[WHAT THE TASK ASKS] Copy exactly and only the lines running from the one that contains "J. McLaughlin Sleeveless" to the final line of the data below, without the pictures.

[Extracted data entries]
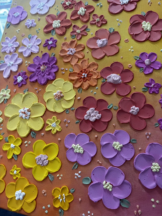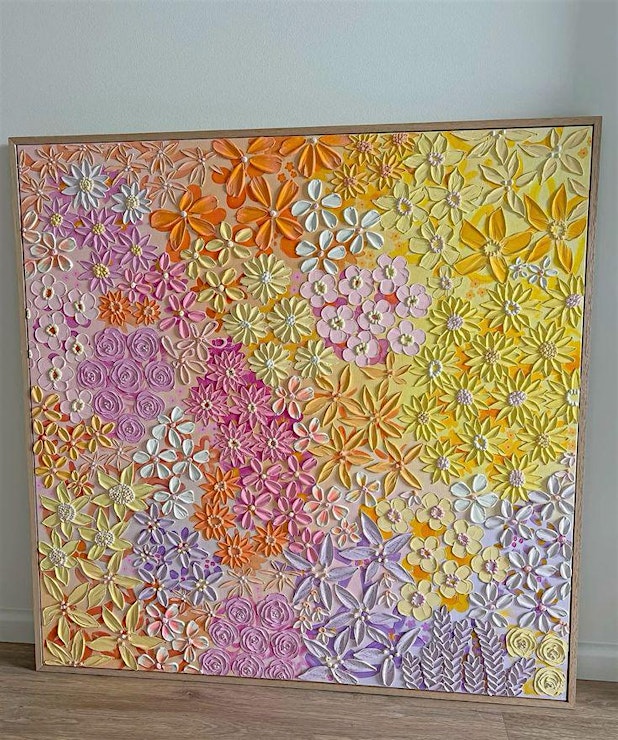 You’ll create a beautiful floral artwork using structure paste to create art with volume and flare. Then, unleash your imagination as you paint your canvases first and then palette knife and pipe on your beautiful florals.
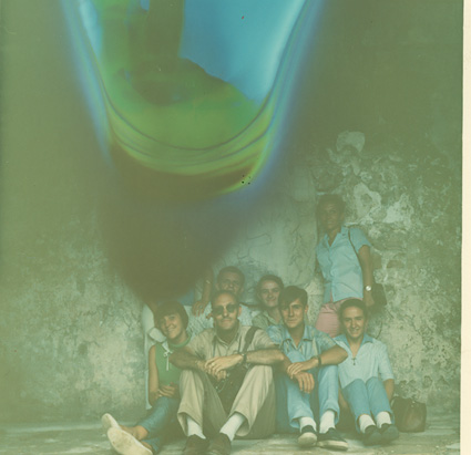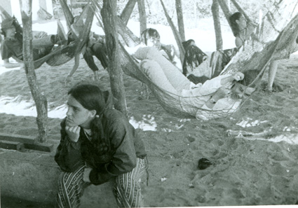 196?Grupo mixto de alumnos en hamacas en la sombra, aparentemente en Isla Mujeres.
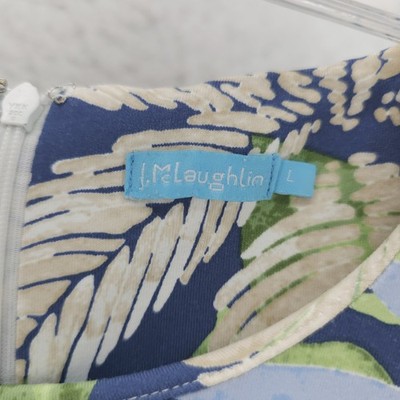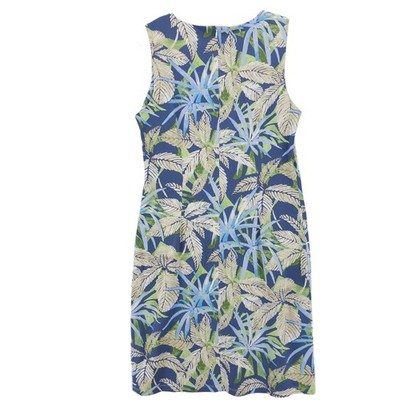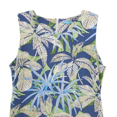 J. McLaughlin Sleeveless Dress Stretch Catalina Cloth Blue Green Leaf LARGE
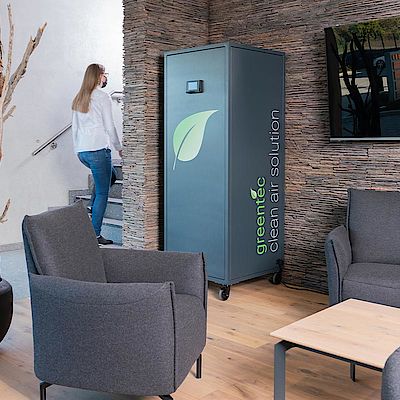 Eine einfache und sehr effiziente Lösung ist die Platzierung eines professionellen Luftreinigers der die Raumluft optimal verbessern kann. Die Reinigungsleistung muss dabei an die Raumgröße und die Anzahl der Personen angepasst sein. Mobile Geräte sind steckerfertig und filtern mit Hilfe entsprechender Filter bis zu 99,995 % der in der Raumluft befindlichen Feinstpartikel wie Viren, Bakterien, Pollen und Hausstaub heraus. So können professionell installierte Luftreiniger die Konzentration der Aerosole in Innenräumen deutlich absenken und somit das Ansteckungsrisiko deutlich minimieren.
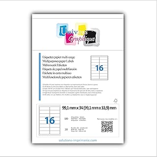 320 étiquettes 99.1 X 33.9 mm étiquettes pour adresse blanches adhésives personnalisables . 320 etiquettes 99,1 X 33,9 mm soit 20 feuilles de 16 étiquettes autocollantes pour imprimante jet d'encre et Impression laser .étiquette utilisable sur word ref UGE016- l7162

[RESULT OF THE TASK]
 J. McLaughlin Sleeveless Dress Stretch Catalina Cloth Blue Green Leaf LARGE
 Eine einfache und sehr effiziente Lösung ist die Platzierung eines professionellen Luftreinigers der die Raumluft optimal verbessern kann. Die Reinigungsleistung muss dabei an die Raumgröße und die Anzahl der Personen angepasst sein. Mobile Geräte sind steckerfertig und filtern mit Hilfe entsprechender Filter bis zu 99,995 % der in der Raumluft befindlichen Feinstpartikel wie Viren, Bakterien, Pollen und Hausstaub heraus. So können professionell installierte Luftreiniger die Konzentration der Aerosole in Innenräumen deutlich absenken und somit das Ansteckungsrisiko deutlich minimieren.
 320 étiquettes 99.1 X 33.9 mm étiquettes pour adresse blanches adhésives personnalisables . 320 etiquettes 99,1 X 33,9 mm soit 20 feuilles de 16 étiquettes autocollantes pour imprimante jet d'encre et Impression laser .étiquette utilisable sur word ref UGE016- l7162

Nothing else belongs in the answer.